In today’s session we will explore more complicated ANOVA designs. The real power of ANOVA is that it allows us to examine interactions between two or more variables so we can examine how different factor combinations affect our participants.

• There are three ways in which we can set up a study to explore two factors with two levels each:

  1. A different group of participants takes part in each condition (independent/between-participants 2x2 design).
  2. The same group of participants takes part in all conditions (repeated measures/within-participants 2x2 design).
  3. Two different groups of participants take part in two conditions each (mixed 2x2 design).

• In lectures and computer practicals, we will also talk about how:

  • A factorial ANOVA can have more than two conditions on each of its factors – just as a one-way ANOVA has three or more conditions on one factor.

    1. E.g. a two-way ANOVA might have one factor with three conditions and one with four. This would be called a ‘3x4’ design.
    2. If a factor with more than 2 conditions has a significant main effect, we need to follow up using a post-hoc comparison as we would do for a one-way ANOVA.

• A factorial ANOVA can have more than two factors. This means that there are more interactions to consider and interpret. Usually our research questions and hypotheses play an important role in interpreting these interactions.

  1. E.g. a three-way ANOVA might have three factors with two conditions each – this is called a ‘2x2x2’ design.

  2. Designs can be extended by using more conditions (e.g. 2x2x3 designs) or by adding more factors (e.g. 2x2x2x2 designs). The same principles apply:

     1. If there are more than two conditions and a significant effect, a post-hoc is needed to identify which conditions are different to each other.
     2. If there more factors, there will be more interactions to interpret.

1. Two between-participants IVs: 2x2 independent ANOVA

• In this example, we want to test if using the word “certain”, with either “It is” or “I am” as a prefix, influences someone’s decision making (whether they intend to make a bet). This factor is called communication mode, with two levels: internal (“I am”) vs. external (“It is”).

• We also want to test if the speaker’s expertise (novice vs. expert) affects intention to bet and if expertise interacts with the effect of the communication mode.

• Hypotheses:

  1. We predict that internal mode of communication will have a greater influence on intention to bet than external mode of communication, and that a recommendation from an expert will have a greater effect upon intention to bet than a recommendation from a novice.

  2. We expect this difference between experts and novices to be particularly pronounced for the internal mode of communication, such that an expert saying ‘I am certain’ will be particularly influential for intention to bet. [<- this part predicts an interaction.]

• Different participants should take part in each condition of this experiment to avoid confounding of decision-making from previous experiences with the task.

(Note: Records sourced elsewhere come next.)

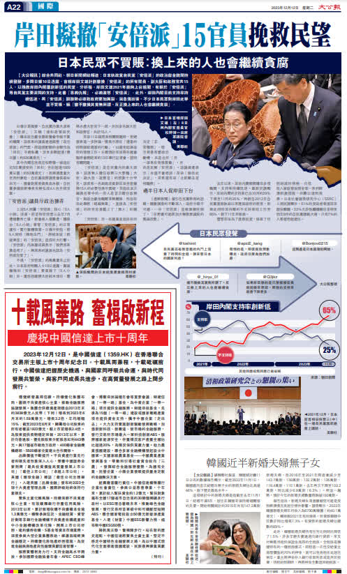 大公報綜合共同社、朝日新聞網站報道:日本執政黨自民黨「安倍派」的政治獻金醜聞持續發酵,多間日媒10日透露,首相岸田文雄計劃撤換「安倍派」的所有閣員、副大臣和政務官共15人,以挽救岸田內閣屢創新低的民望。分析指,岸田文雄2021年能夠上台組閣,有賴於「安倍派」等自民黨主要派閥的支持,此番「恩將仇報」,必將激怒「安倍派」。此外,岸田內閣目前支持率持續低迷,與「安倍派」翻臉勢必導致政府更加撕裂。消息傳出後,不少日本民眾對岸田此舉並不買賬,稱「撤不撤換其實無所謂,反正換上來的人也會繼續貪腐」。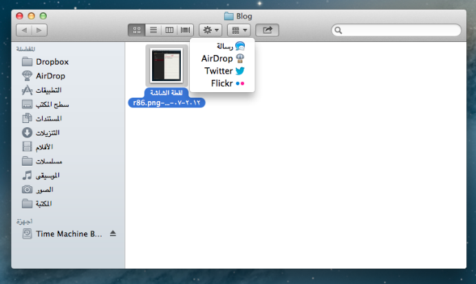 أصبح الآن زر المشاركة في جميع تطبيقات الماك الإفتراضية تقريبًا. فالآن بإمكانك بضغطة على أي صورة أو ملف على سطح المكتب أو في أي مكان في النظام أن تشاركة في تويتر أو فيس بوك أو فليكر أو حتى إرفاقة ببريد إلكتروني تود إرسالة عبر تطبيق البريد الذي تحدده كإفتراضي —كسبارو على سبيل المثال. فالتحديث لا يلزمك على إستخدام تطبيق Mail.app الإفتراضي مع الماك والتي أجدها خطوة غير متوقعة—. بالنسبة لرفع الصور على تويتر لن تتمكن من تحديد أي خدمة رفع صور تفضلها مثل: Twitpic, yFrog وغيره. فأنت ملزم على مشاركتها على خدمة أو مركز تويتر الرسمي لرفع الصور twitter.pic.com وهذا الشيء يبعدني عن إستخدام الخاصية لرفع الصور على تويتر؛ لأني مازلت أُفضل Twitpic فهو أفضل في أرشفة الصور والرجوع لها لاحقًا بشكل سليم ويسير. كما أنه “بيني وبين تويت بك Twitpic عيش وملح و قصة حب ووفاء من ذو بدايتي تويتر عام 2008 ههه”. فليكر وفيس بوك بالطبع سوف أستخدم الخاصية لذلك؛ لأنها على مركز رفع صور واحد لا يوجد غيره ولا فارق في هذه القضية. كذلك مشاركة المقالات التي تقرأها على متصفح سفاري 6 الجديد الذي يزتي مع التحديث —سوف أتحدث عنه في فقرة منفصلة— بزر المشاركة هذا أصبحت عملية سهلة وبسيطة. فتظهر لك نافذة جميلة ومميزة لتغريدة جديدة فيها الرابط وكل ما عليق هو الضغط على Tweet وكتابة تعليقك.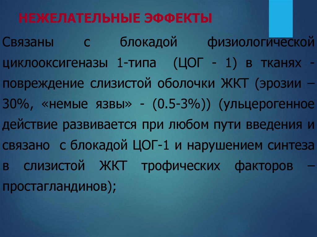 связано с блокадой ЦОГ-1 и нарушением синтеза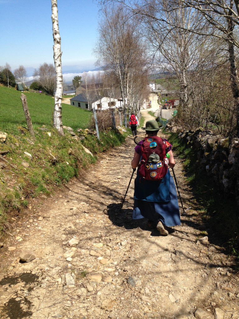 Our stalwart troop marches in to Biduedo – or possibly Viduedo, reports vary. We’re looking forward to lunch, and walking with purpose and resolve. This is a good shot of the patches on Francine’s pack. Not sure why we like patches so much. Maybe it’s memories of Boy Scout patches on uniforms and vests.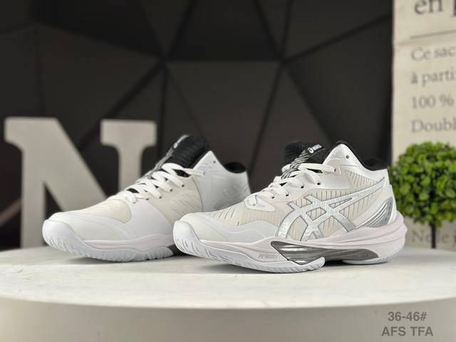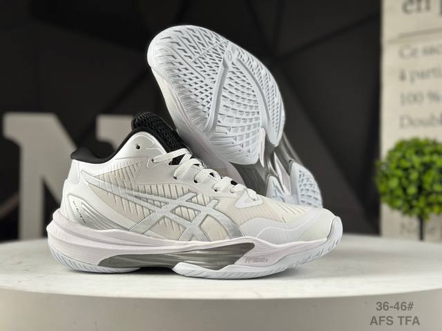 Sky Elite Ff 3 Comfortable and Versatile Mid-Top Volleyball Training Shoes for Men and Women, Silver. These high-performance shoes are designed specifically for volleyball players. The midsole features ASICS' exclusive Ff Blast+ foam material, which not only enhances rebound performance but also creates a softer ground contact. This material provides ample cushioning while helping athletes more effectively utilize ground reaction forces, enhancing their jumping ability. To enhance stability during play, the ASICS Sky Elite Ff 3 volleyball shoe features a built-in giant resin support plate called Risetruss. This design prevents the foot from twisting during quick movements or jumps, allowing athletes to confidently navigate a variety of movements. The sole is constructed from durable rubber, offering excellent wear resistance and grip. Whether playing on indoor wooden floors or outdoor courts, the ASICS Sky Elite Ff 3 volleyball shoe provides stable support and grip. The upper material is carefully selected to ensure both sufficient strength and excellent breathability, ensuring athletes' feet remain dry and comfortable throughout their play. The Asics Sky Elite Ff 3 volleyball shoe has become a high-performance sports shoe favored by volleyball players due to its outstanding technological highlights, design features, and applicable scenarios and crowds. Item No.: 1051A084-105 Afs

• The data need to be entered like this on Jamovi:

Communication mode (nominal variable with values 1 and 2) [grouping variable 1]	Expertise (nominal variable with values 0 and 1) [grouping variable 2]	Intention to bet (scale variable; for intention to bet, each participant’s individual score is recorded)
1 (where 1 = external)	0 (where 0 = novice)	Data for group 1. Each row has the same value for communication mode (i.e. 1) and for expertise (i.e. 0)
1 (where 1 = external)	1 (where 1 = expert)	Data for group 2. Each row has the same value for communication mode (i.e. 1) and for expertise (i.e. 1)
2 (where 2 = internal)	0 (where 0 = novice)	Data for group 3. Each row has the same value for communication mode (i.e. 2) and for expertise (i.e. 0)
2 (where 2 = internal)	1 (where 1 = expert)	Data for group 4. Each row has the same value for communication mode (i.e. 2) and for expertise (i.e. 1)

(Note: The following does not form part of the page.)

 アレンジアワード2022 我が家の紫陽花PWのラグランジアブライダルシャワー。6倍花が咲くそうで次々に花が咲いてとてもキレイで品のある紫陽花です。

Walk-Through Example 9 “The effects of communication mode and speaker expertise upon intention to bet”

Inspect the Data

1. Download and open the RMC_NM1_uncertainties_2x2_between.sav dataset
2. With two independent factors, you need two grouping variables, one for each factor, and a scale variable for the DV. The condition a participant took part in is determined by the combination of the two grouping variables.

Check Parametric Assumptions

3. Go to Analyses -> Exploration -> Descriptives
4. In the dialog box, enter the DV into the ‘Variables’ box. Enter all IVs into the ‘Split by’ box. Go to ‘Plots’. Check ‘Histograms’.

NoteNote

In this analysis, the individual conditions are skewed. This is in part due to the DV being measured on a very restricted scale (out of 5). However, all four conditions are showing some variability. So given that there is no non-parametric equivalent for 2 x 2 ANOVA, we would still run the ANOVA here.

Descriptive Statistics

5. To get the descriptive statistics for the main effects in Jamovi you need to run the analysis separately.

6. Go to Analyses -> Exploration -> Descriptives

7. In the dialogue box, enter the DV into the ‘Variables’ box. Enter the IVs into the ‘Split By’ box.

If you want to calculate the means for each IV separately, do this: In the dialogue box, enter the DV into the ‘Variables’ box. Enter just one IV into the ‘Split By’ box. Repeat steps f and g for the other IV.

Carry out the ANOVA

8. Go to Analyses -> ANOVA -> ANOVA

1. In the dialog box, enter the DV into the ‘Dependent Variable’ box. Enter the two IVs in the ‘Fixed Factors’ box.

10. Check the box next to ‘partial η²’

11. Go to ‘Estimated Marginal Means’. Enter the first IV in the Term 1 box. Click ‘Add New Term’. Enter the second IV into the Term 2 box. Click ‘Add New Term’. Enter the IV that you want to be displayed on the horizontal axis first in the Term 3 box (if one of your IVs is about time, e.g. ‘before’ and ‘after’ conditions, put this on the horizontal axis). Enter the IV you want to be displayed as separate lines second in the box Term 3 box. Change the error bars to ‘Standard Error’. Check the box next to ‘Marginal means plots’ and ‘Marginal means tables’.

12. Go to ‘Post Hoc Tests’. Put the interaction into the box on the right. Select ‘Bonferroni’ from the Correction list. Check ‘Cohen’s d’ under Effect Size. This will allow you to identify where differences between conditions are, as with a one-way ANOVA.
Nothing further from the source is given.